### Dataset extract
····················
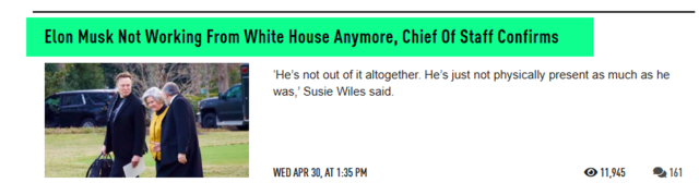 Oh, and if I may toot a tiny tuba before ending this post – – I was adamant that Elon would weary of government work “before April was over” (I’ve said it repeatedly since the whole DOGE thing bubbled into existence half a year ago). It was a close call, but I’d like to take a victory lap on this one.
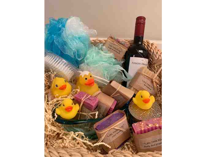 Enjoy a relaxing night in with the 'Let's Talk Dirty' handcrafted soap collection basket. This basket includes 7 different scented soaps, with scents like Lavender or Gardenia, 2 loofas, a bath scrubber, a bottle of delicious Merlot, a scented candle as well as some rubber duckies to keep you company as you soak. These wonderful artisian soaps were handcrafted by Kathy Holleran Schueller.
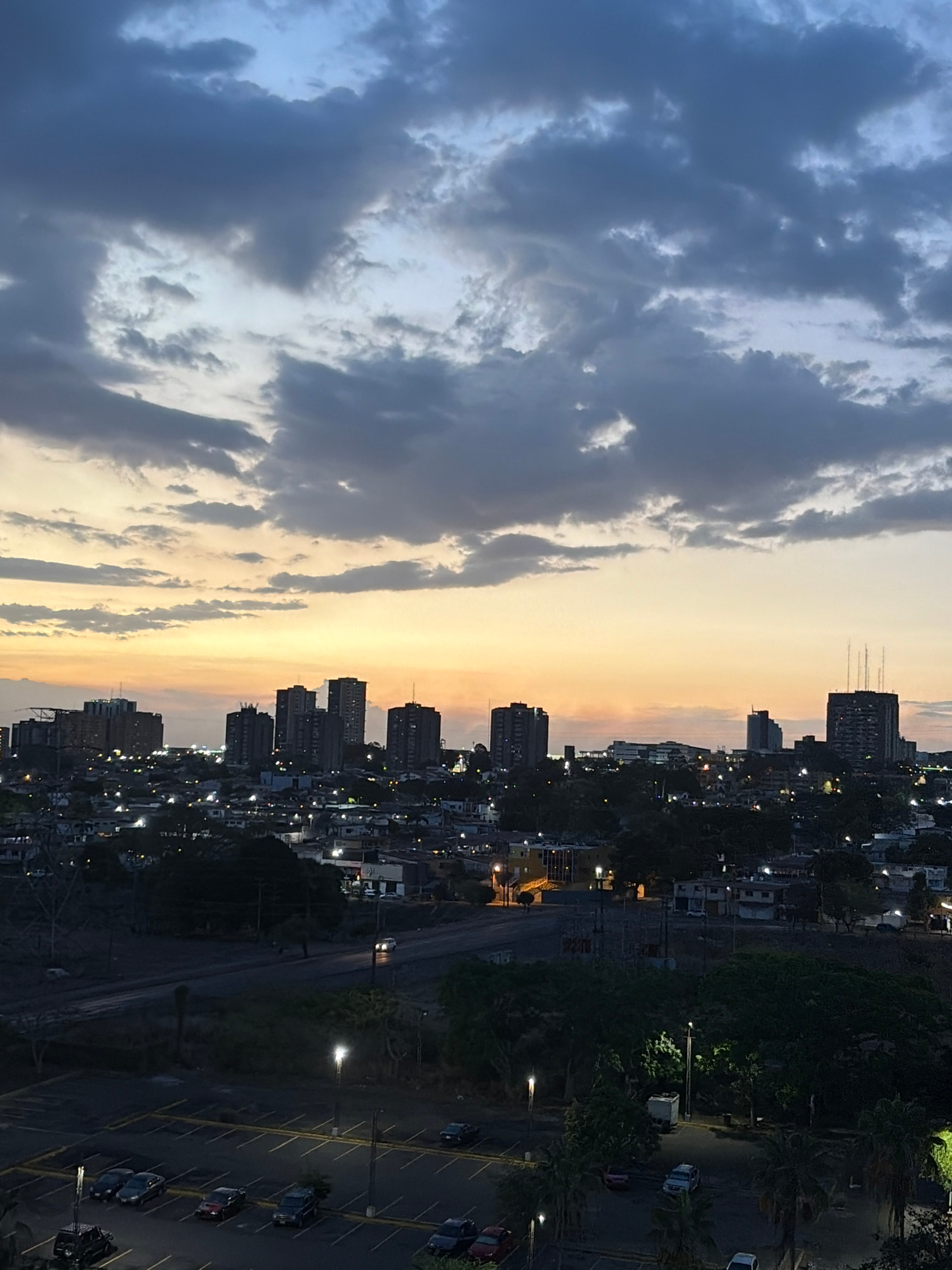 The image captures a twilight cityscape. On the right side, buildings and city infrastructure are visible with illuminated streets and parking lots containing vehicles. Trees dot the urban landscape.…read more
····················
### Goal of the exercise
Reproduce the lines above exactly, image-free.

### Completed task
 Oh, and if I may toot a tiny tuba before ending this post – – I was adamant that Elon would weary of government work “before April was over” (I’ve said it repeatedly since the whole DOGE thing bubbled into existence half a year ago). It was a close call, but I’d like to take a victory lap on this one.
 Enjoy a relaxing night in with the 'Let's Talk Dirty' handcrafted soap collection basket. This basket includes 7 different scented soaps, with scents like Lavender or Gardenia, 2 loofas, a bath scrubber, a bottle of delicious Merlot, a scented candle as well as some rubber duckies to keep you company as you soak. These wonderful artisian soaps were handcrafted by Kathy Holleran Schueller.
 The image captures a twilight cityscape. On the right side, buildings and city infrastructure are visible with illuminated streets and parking lots containing vehicles. Trees dot the urban landscape.…read more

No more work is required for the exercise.